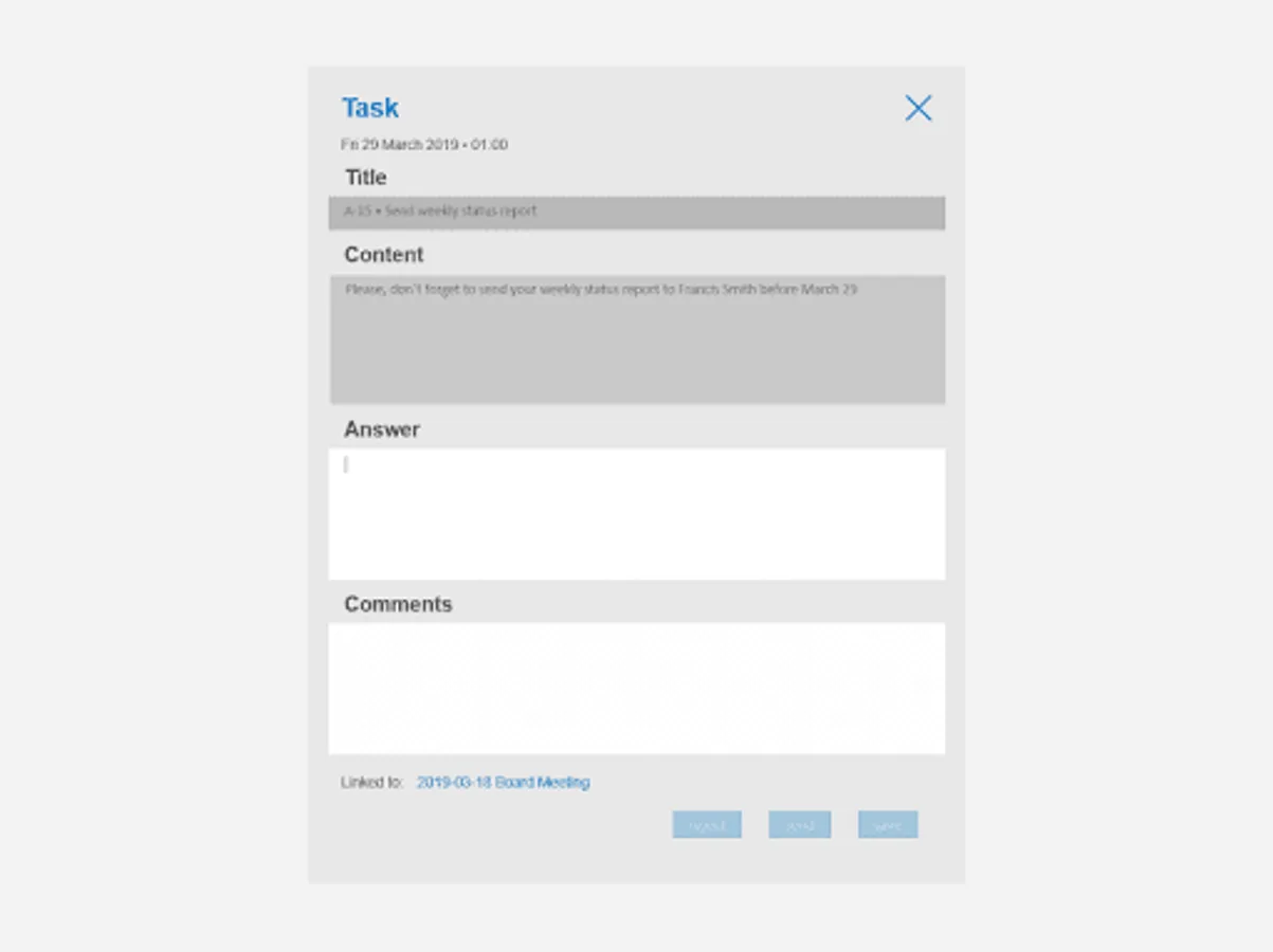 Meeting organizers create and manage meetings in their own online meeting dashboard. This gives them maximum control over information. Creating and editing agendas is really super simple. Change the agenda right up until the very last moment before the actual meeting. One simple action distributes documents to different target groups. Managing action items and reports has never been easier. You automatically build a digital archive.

---

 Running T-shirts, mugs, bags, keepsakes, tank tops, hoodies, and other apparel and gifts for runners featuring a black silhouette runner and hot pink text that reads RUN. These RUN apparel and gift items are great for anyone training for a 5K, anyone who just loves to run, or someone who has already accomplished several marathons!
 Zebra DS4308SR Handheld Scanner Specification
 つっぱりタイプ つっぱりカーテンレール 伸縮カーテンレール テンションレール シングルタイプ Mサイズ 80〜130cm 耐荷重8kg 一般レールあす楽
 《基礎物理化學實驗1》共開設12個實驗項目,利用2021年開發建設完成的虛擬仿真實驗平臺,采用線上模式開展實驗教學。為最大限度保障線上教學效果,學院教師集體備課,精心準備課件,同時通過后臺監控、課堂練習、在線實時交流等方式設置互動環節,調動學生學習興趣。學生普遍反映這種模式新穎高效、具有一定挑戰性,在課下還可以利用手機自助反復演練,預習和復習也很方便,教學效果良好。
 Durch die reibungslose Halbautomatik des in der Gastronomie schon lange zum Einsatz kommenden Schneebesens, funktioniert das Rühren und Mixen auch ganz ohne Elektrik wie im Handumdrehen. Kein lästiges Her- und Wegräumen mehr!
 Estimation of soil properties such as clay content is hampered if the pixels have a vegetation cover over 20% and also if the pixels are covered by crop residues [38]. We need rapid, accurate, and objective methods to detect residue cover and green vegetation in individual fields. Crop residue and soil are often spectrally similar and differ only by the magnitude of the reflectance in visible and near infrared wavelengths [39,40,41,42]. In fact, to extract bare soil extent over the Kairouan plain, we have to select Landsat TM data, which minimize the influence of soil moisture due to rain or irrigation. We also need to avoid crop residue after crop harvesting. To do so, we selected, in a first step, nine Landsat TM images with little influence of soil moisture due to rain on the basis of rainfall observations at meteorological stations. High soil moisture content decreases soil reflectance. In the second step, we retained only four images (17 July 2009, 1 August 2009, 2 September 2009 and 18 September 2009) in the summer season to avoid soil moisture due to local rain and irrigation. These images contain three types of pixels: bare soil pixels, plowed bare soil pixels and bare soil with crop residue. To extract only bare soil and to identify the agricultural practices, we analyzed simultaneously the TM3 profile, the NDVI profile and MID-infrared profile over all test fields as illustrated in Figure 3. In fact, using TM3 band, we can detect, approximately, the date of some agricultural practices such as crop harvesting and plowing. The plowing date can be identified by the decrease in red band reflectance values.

* What you need to do: Please, from the material above, copy only the lines from the line with "Zebra DS4308SR Handheld" up to and including the line with "Durch die reibungslose", exactly as written.

* Output of the task:
 Zebra DS4308SR Handheld Scanner Specification
 つっぱりタイプ つっぱりカーテンレール 伸縮カーテンレール テンションレール シングルタイプ Mサイズ 80〜130cm 耐荷重8kg 一般レールあす楽
 《基礎物理化學實驗1》共開設12個實驗項目,利用2021年開發建設完成的虛擬仿真實驗平臺,采用線上模式開展實驗教學。為最大限度保障線上教學效果,學院教師集體備課,精心準備課件,同時通過后臺監控、課堂練習、在線實時交流等方式設置互動環節,調動學生學習興趣。學生普遍反映這種模式新穎高效、具有一定挑戰性,在課下還可以利用手機自助反復演練,預習和復習也很方便,教學效果良好。
 Durch die reibungslose Halbautomatik des in der Gastronomie schon lange zum Einsatz kommenden Schneebesens, funktioniert das Rühren und Mixen auch ganz ohne Elektrik wie im Handumdrehen. Kein lästiges Her- und Wegräumen mehr!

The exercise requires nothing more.